Material provided START

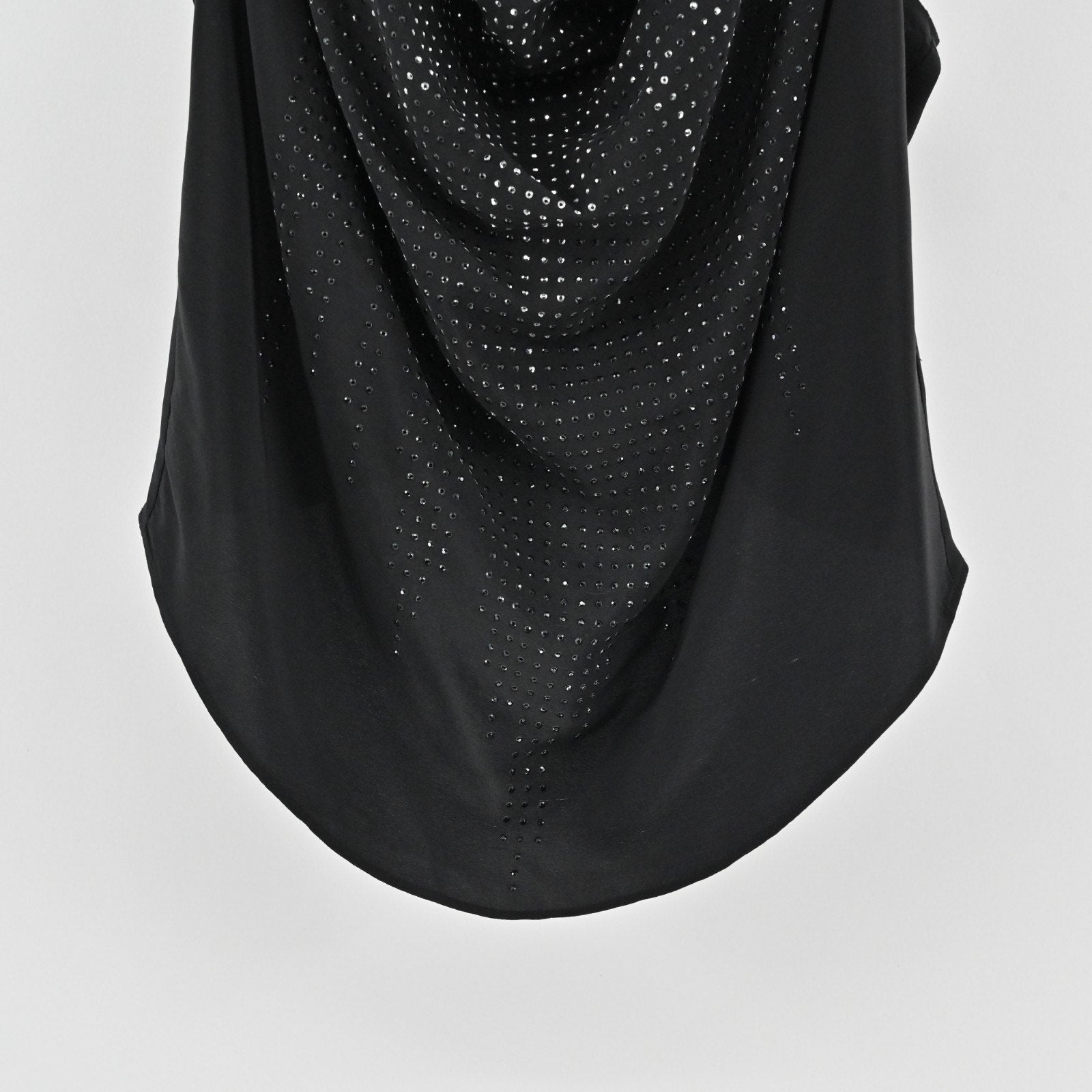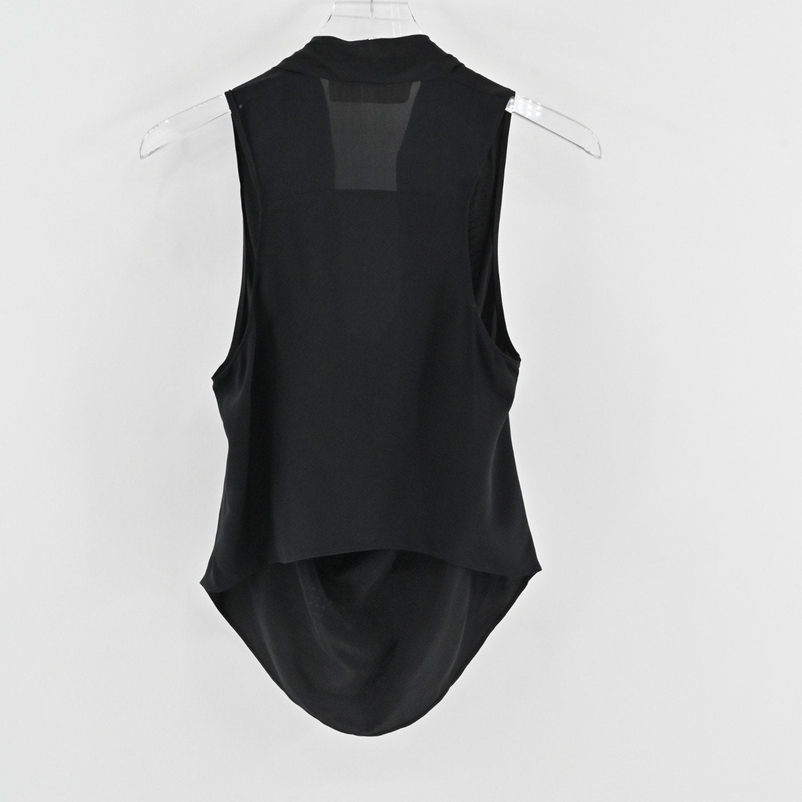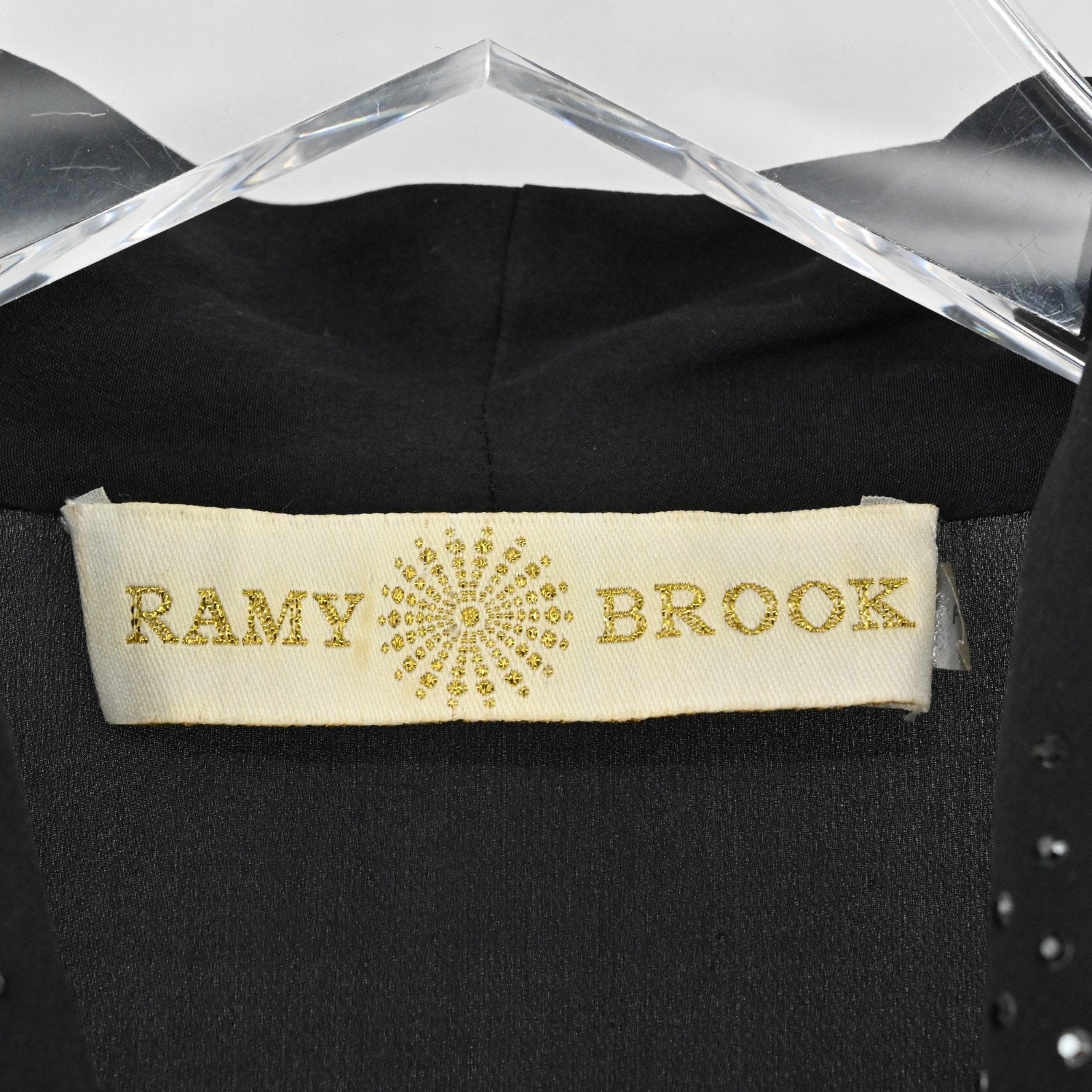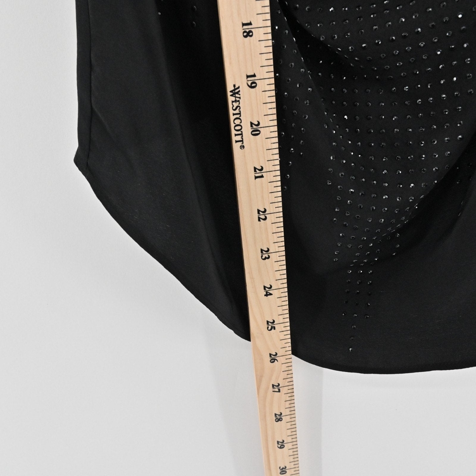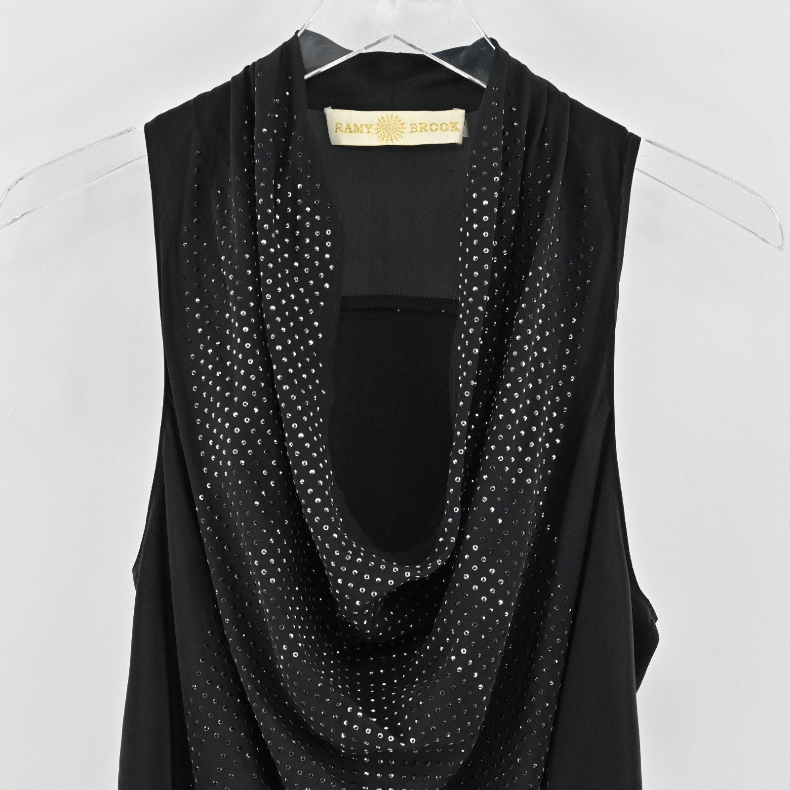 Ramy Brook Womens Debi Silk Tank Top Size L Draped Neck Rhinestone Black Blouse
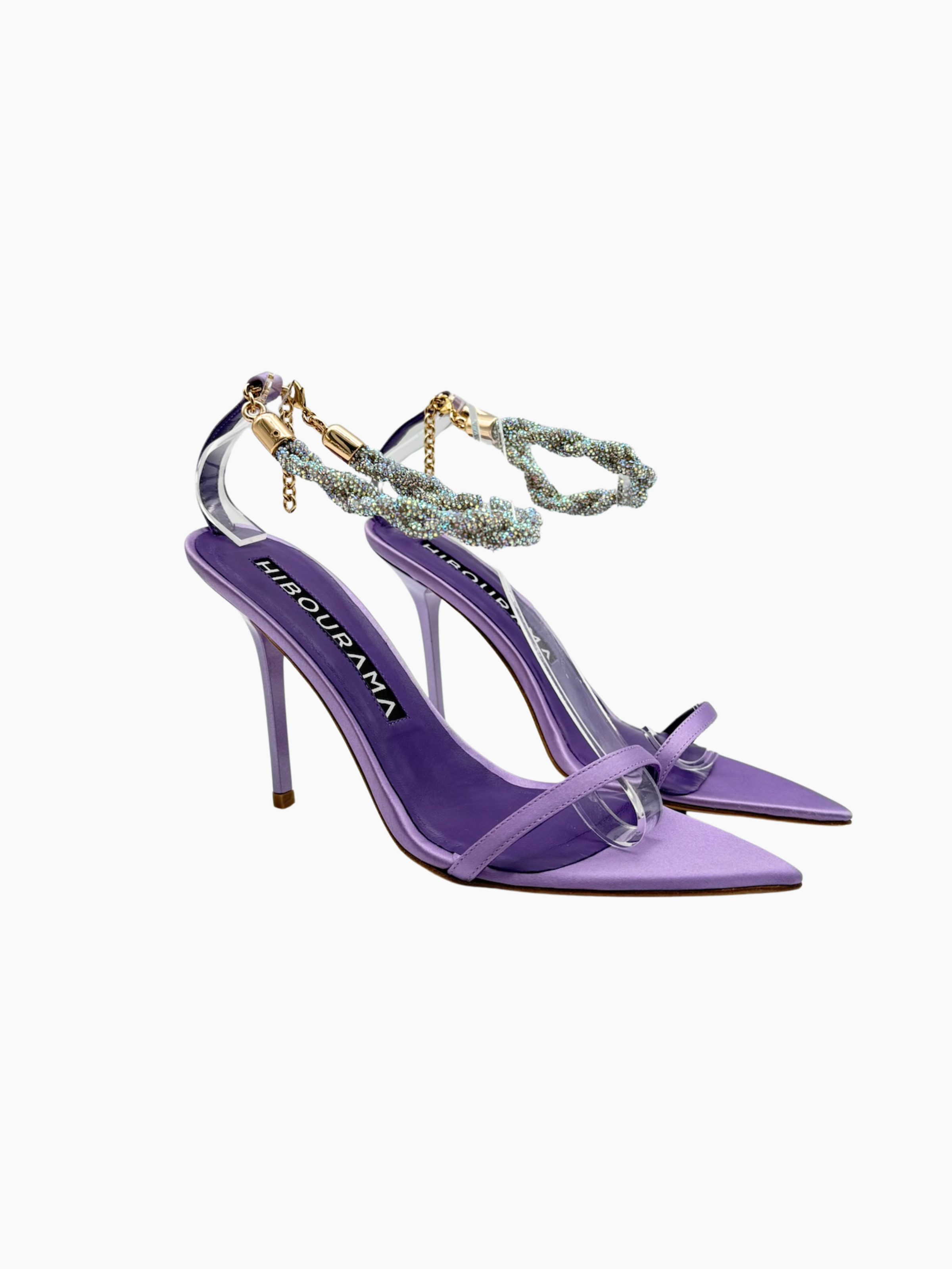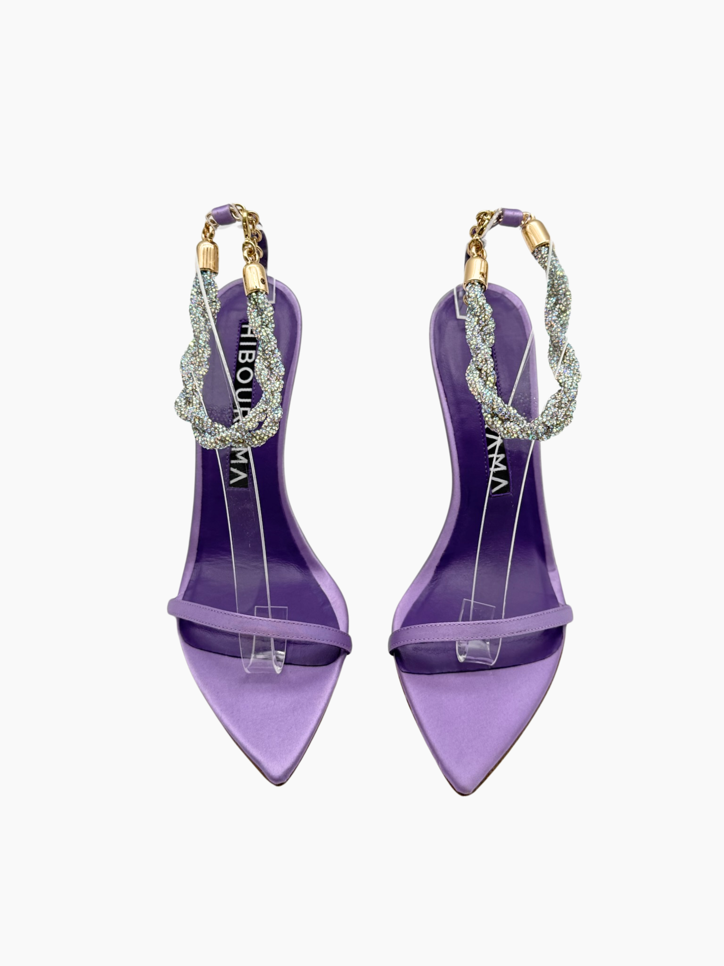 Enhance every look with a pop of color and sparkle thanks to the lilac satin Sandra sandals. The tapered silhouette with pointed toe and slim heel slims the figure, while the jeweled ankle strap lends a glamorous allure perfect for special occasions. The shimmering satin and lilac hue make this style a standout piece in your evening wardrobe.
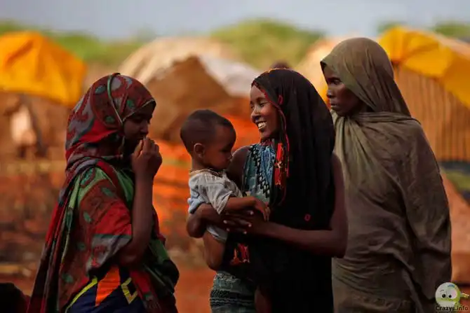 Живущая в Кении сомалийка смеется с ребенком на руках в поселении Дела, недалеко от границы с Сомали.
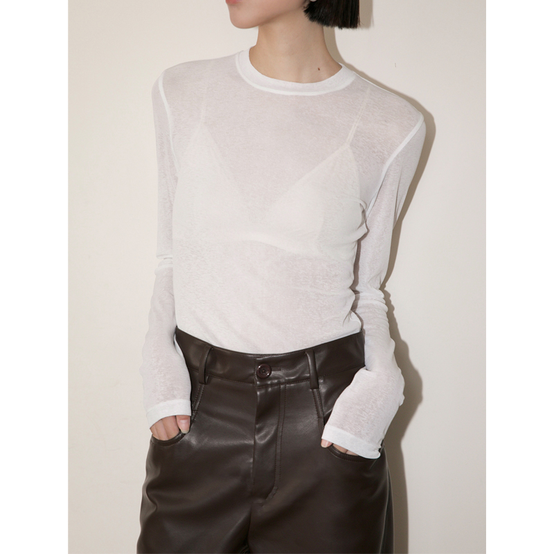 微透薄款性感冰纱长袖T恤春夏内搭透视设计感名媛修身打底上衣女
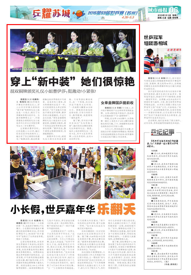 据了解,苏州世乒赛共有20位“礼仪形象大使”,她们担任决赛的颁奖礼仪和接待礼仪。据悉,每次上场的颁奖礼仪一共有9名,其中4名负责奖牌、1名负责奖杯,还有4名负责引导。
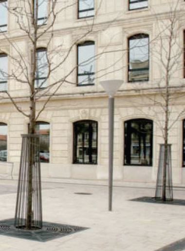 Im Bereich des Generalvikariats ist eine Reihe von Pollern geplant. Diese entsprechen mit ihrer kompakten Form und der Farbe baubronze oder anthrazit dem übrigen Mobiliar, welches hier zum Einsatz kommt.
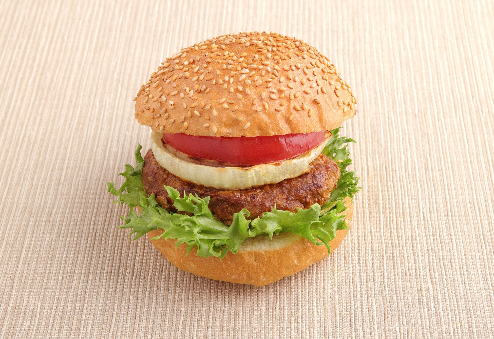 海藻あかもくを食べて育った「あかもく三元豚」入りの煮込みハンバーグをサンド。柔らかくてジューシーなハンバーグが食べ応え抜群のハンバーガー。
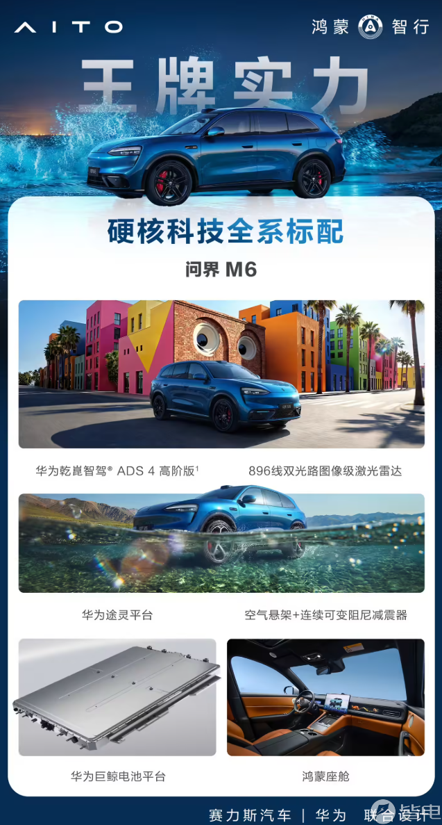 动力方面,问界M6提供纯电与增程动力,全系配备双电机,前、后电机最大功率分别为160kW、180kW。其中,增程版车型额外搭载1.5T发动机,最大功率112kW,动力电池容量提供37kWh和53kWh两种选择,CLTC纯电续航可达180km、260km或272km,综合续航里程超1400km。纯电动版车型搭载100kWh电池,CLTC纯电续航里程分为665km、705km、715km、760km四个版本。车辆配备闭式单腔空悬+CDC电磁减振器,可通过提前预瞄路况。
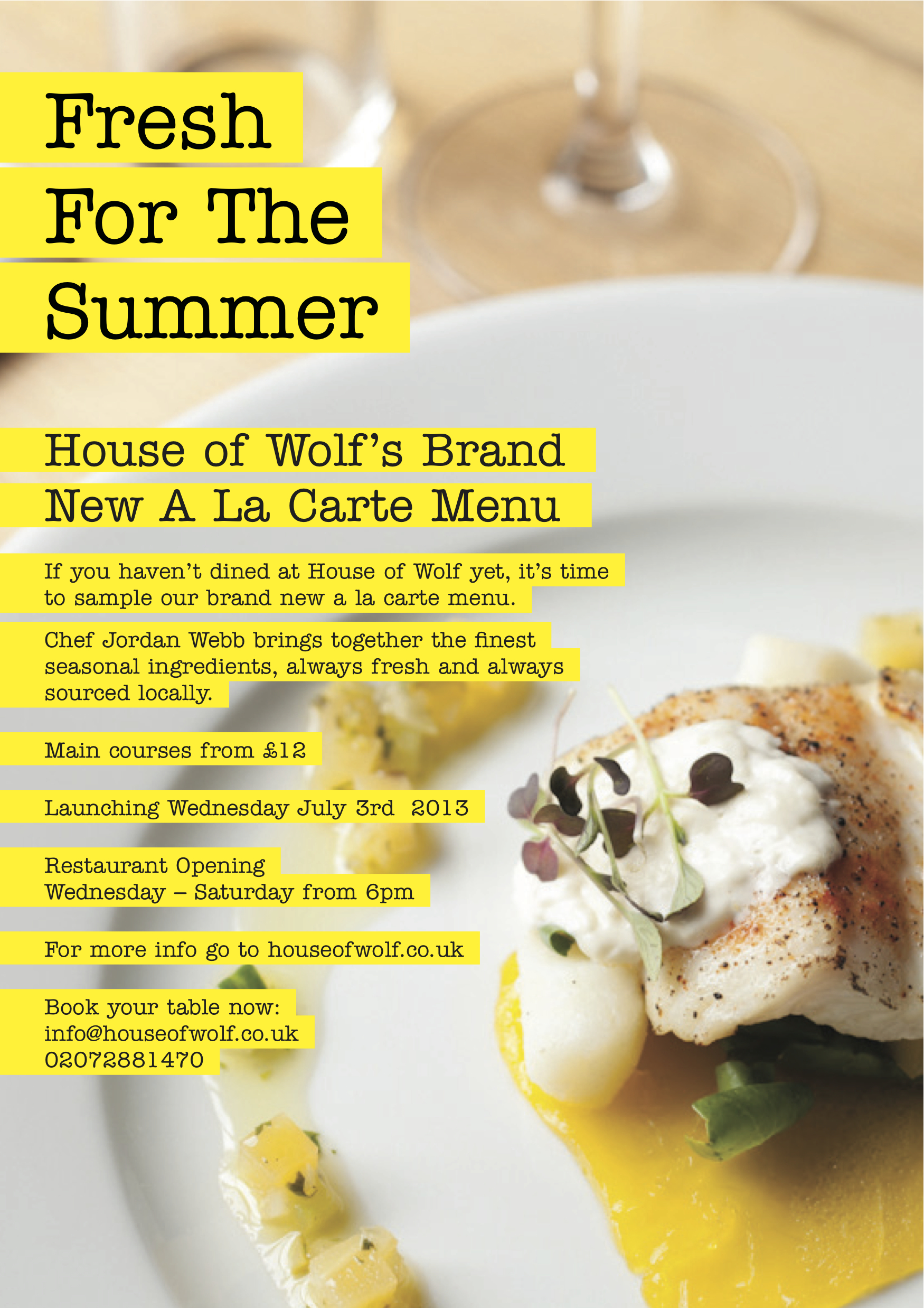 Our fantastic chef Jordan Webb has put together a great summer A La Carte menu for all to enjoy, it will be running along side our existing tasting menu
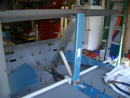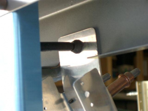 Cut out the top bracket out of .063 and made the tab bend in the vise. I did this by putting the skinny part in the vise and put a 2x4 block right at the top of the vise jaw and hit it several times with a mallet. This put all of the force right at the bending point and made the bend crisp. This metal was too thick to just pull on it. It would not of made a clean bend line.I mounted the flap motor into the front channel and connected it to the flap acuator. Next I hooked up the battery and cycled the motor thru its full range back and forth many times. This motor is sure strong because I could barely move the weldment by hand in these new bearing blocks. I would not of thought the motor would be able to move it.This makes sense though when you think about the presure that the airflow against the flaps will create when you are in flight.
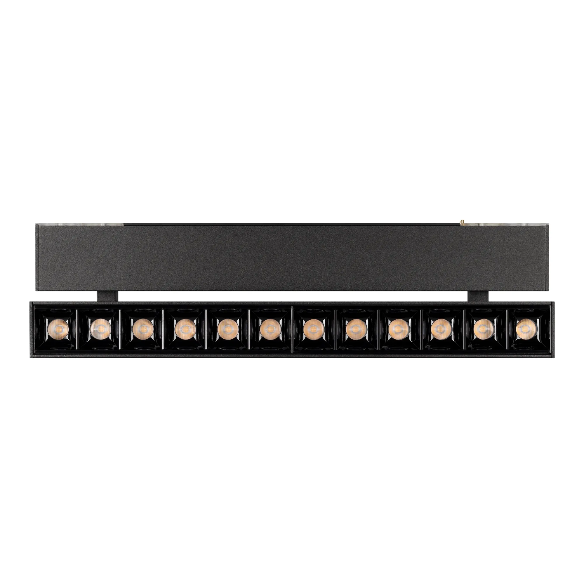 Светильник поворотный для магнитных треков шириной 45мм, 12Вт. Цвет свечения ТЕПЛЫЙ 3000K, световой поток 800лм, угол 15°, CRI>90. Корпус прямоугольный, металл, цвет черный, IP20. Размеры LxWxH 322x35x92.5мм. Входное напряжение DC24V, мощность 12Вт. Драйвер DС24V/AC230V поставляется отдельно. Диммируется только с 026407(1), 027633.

Material provided END

Try it: Out of the records above, return only the lines from the one with "据了解,苏州世乒赛共有20位" through the one with "Im Bereich des", exactly, and none of the pictures.

Answer for the task:
 据了解,苏州世乒赛共有20位“礼仪形象大使”,她们担任决赛的颁奖礼仪和接待礼仪。据悉,每次上场的颁奖礼仪一共有9名,其中4名负责奖牌、1名负责奖杯,还有4名负责引导。
 Im Bereich des Generalvikariats ist eine Reihe von Pollern geplant. Diese entsprechen mit ihrer kompakten Form und der Farbe baubronze oder anthrazit dem übrigen Mobiliar, welches hier zum Einsatz kommt.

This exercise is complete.